For whose future enslavement, I wonder, is it even now preparing the way?
- 1“Kurz ist der Schmerz und ewig ist die Freude.”
- 2Messe meaning both “mass” and “fast.”
- 3This has, of course, frequently been noted and discussed by writers on Communism. For the case of Hungary, for instance, see George Mikas, The Hungarian Revolution (London, 1957).
- 4Bloch’s statement is reprinted in full in Die Mauer, oder Der 13. August, edited by Hans Werner Richter (Hamburg, 1961), pp. 140–141. Because of Bloch’s change of camps, there has been a tendency among some writers to consider him a “hero,” and to hint that now we in the West may begin to feel the discomfort of having such an “outspoken and fearless heretic” in our midst. It should be kept in mind that, as his letter makes quite clear, Bloch only left East Germany because he was personally beginning to have difficulties in freely expressing himself. In good left-Marxist form, he had never been much troubled by the Communist suppression of his philosophical opponents.
- 5Quoted by Walter Karsch, in ibid., p. 106.
- 6As reprinted in ibid., pp. 66–90.
- 7Do Newton and Einstein prove then “what man is capable of under capitalism”? Fortunately for these Communist intellectuals, they are assured that none of their colleagues will rise to point out the blunder.
- 8Henri A. Sabarthez, in Rivarol, August 24, 1961.

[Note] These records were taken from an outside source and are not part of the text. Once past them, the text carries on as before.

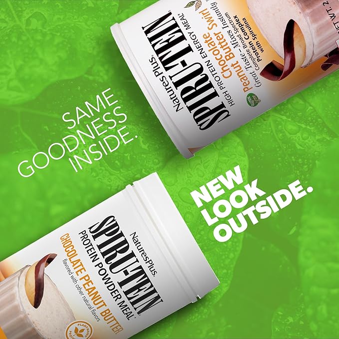 Natures Plus SPIRU-TEIN Shake - Chocolate Peanut Butter - 2.3 lbs, Spirulina Protein Powder - Plant Based Meal Replacement, Vitamins & Minerals for Energy - Vegetarian, Gluten-Free - 34 Servings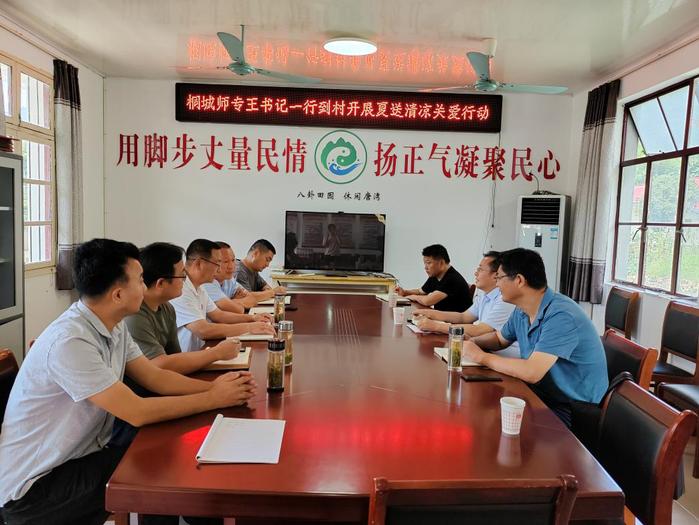 王子龍一行首先來到唐灣村村部關心慰問駐村幹部並送來慰問品,在座談會上聽取唐灣村兩委和駐村工作隊分別匯報了唐灣村鄉村振興工作上半年工作開展情況及下半年的工作安排匯報後,王子龍就當前中央和國家關於鄉村振興戰略政策進行了解讀,對唐灣村和駐村工作隊開展的相關工作和取得的成績予以肯定,並對村兩委和駐村工作隊後期工作提出要求:一是進一步學習國家關於鄉村振興政策,及時有效開展工作;二是進一步明確唐灣村接下來發展重點,找準發展方向;三是進一步整合各方資源,取得更好發展。學校將一如既往的支持、關心唐灣村的發展,紮實有效的開展鄉村振興支持工作。劉誌闊代表唐灣鎮對桐城師專近幾年來促進了唐灣村的發展和提供的幫助表示感謝。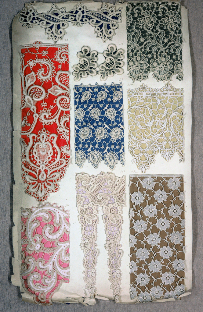 This is a Sample book pages. We acquired it in 1975. Its technique is machine made lace. It is a part of the Textiles department.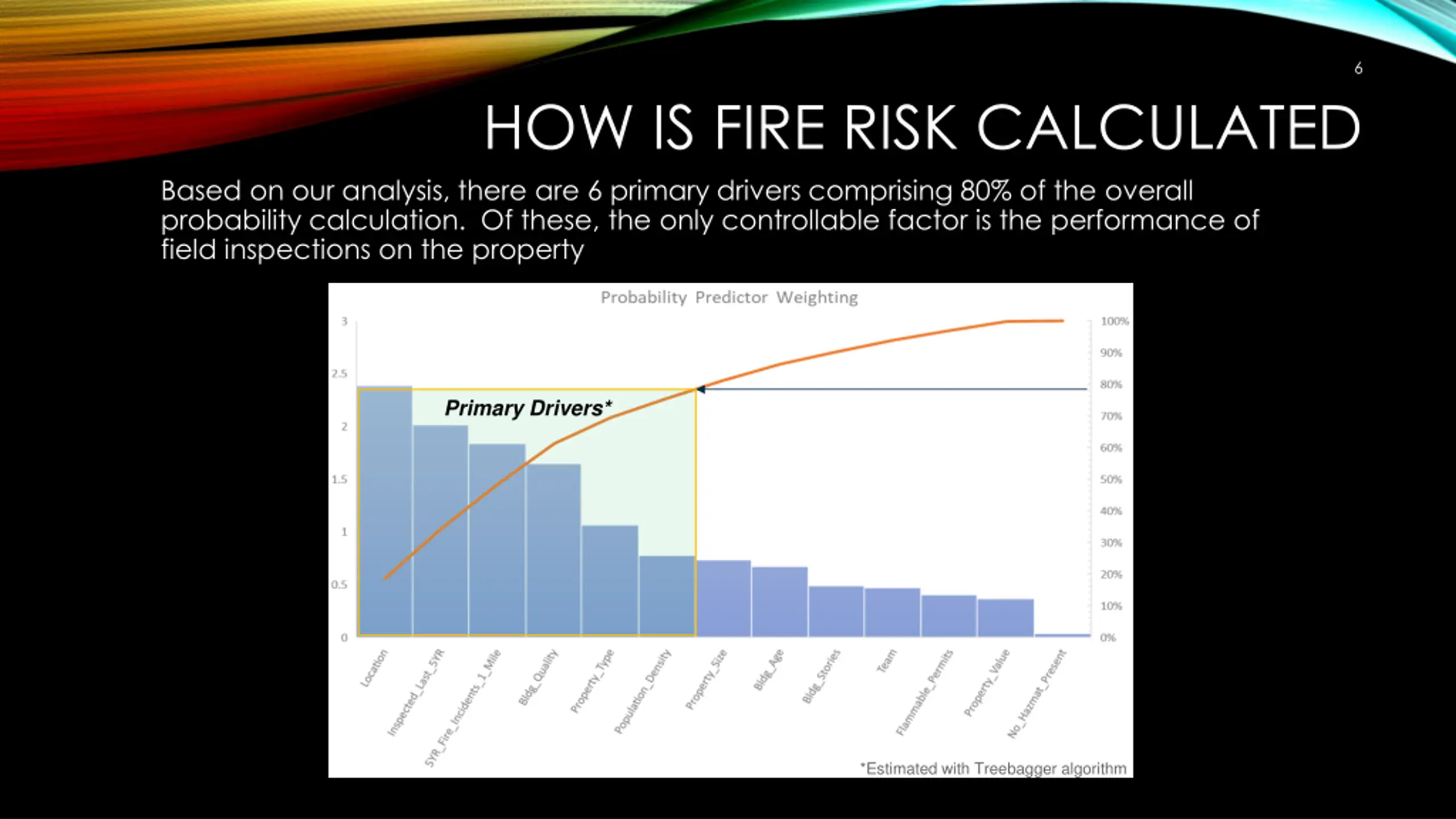 6 HOW IS FIRE RISK CALCULATED Based on our analysis, there are 6 primary drivers comprising 80% of the overall probability calculation. Of these, the only controllable factor is the performance of field inspections on the property Primary Drivers* *Estimated with Treebagger algorithm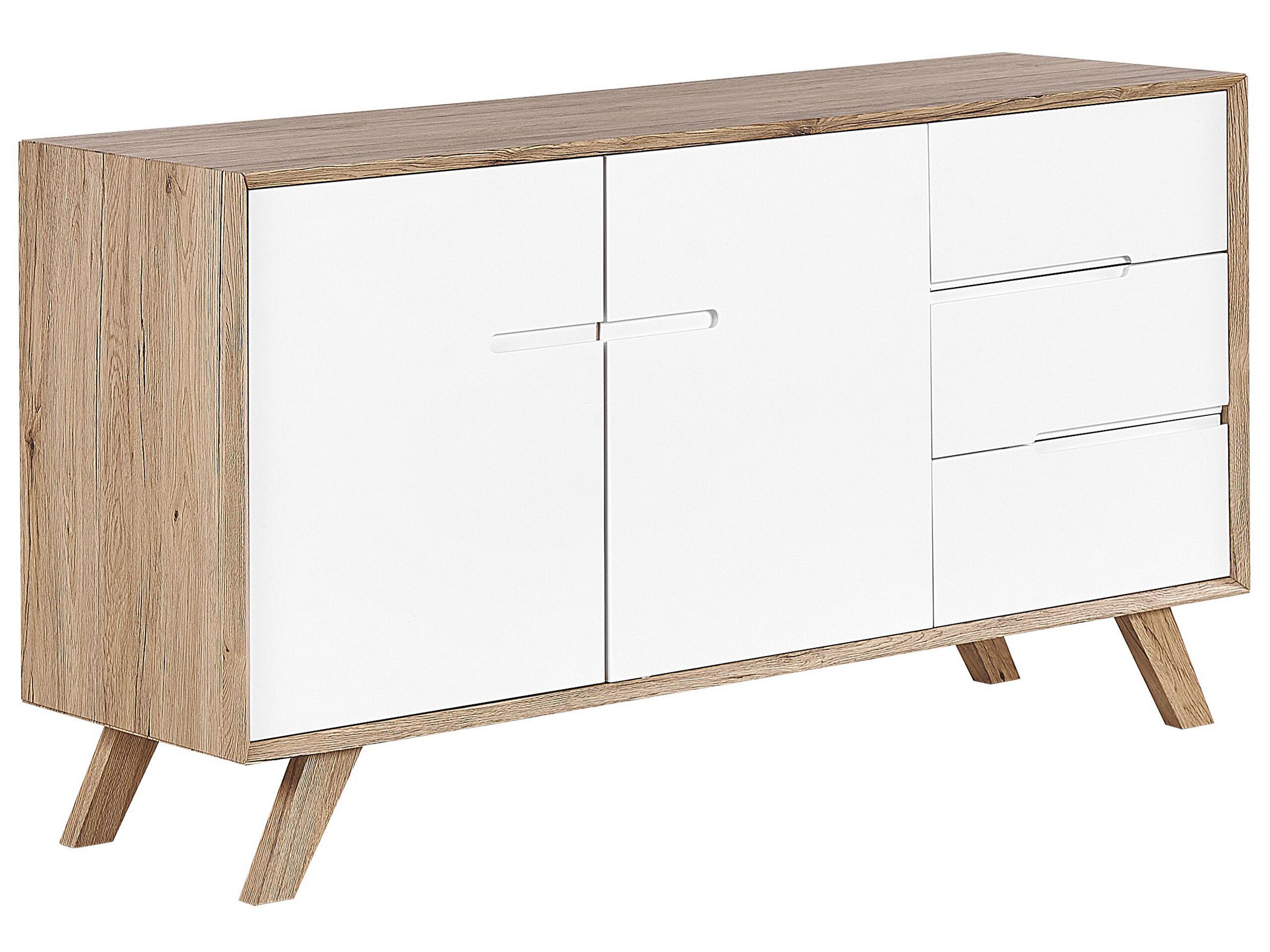 3 Drawer Sideboard White and Light Wood FORESTER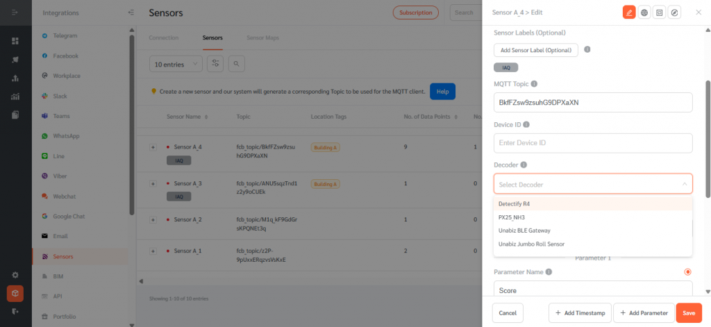- Select the appropriate decoder for the sensor model from the dropdown list. Click Save.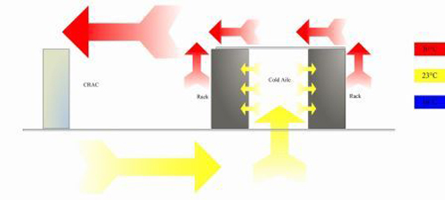 服務(wù)器機(jī)柜前方,經(jīng)機(jī)柜網(wǎng)孔門被服務(wù)器設(shè)備吸入,熱風(fēng)被機(jī)柜排出后自然回風(fēng)或通道吊頂、風(fēng)道回風(fēng)至空調(diào)上方的回風(fēng)口,完成一次制冷循環(huán)。

- 9History Will Absolve Me is the characteristic title of a collection of writings of Fidel Castro on sale at some American college book-stores a few months ago. Compare, from a Nazi “Folk-Book”: “And even if they condemn us a thousand times over, the goddess of the eternal court of History will smile, tear up the accusation of the prosecution and the judgment of their court, for she acquits us . . .” Quoted in Das Dritte Reich: Ansprung und Wirklichkeit, by Hermann Glaser (Freiburg, 1961).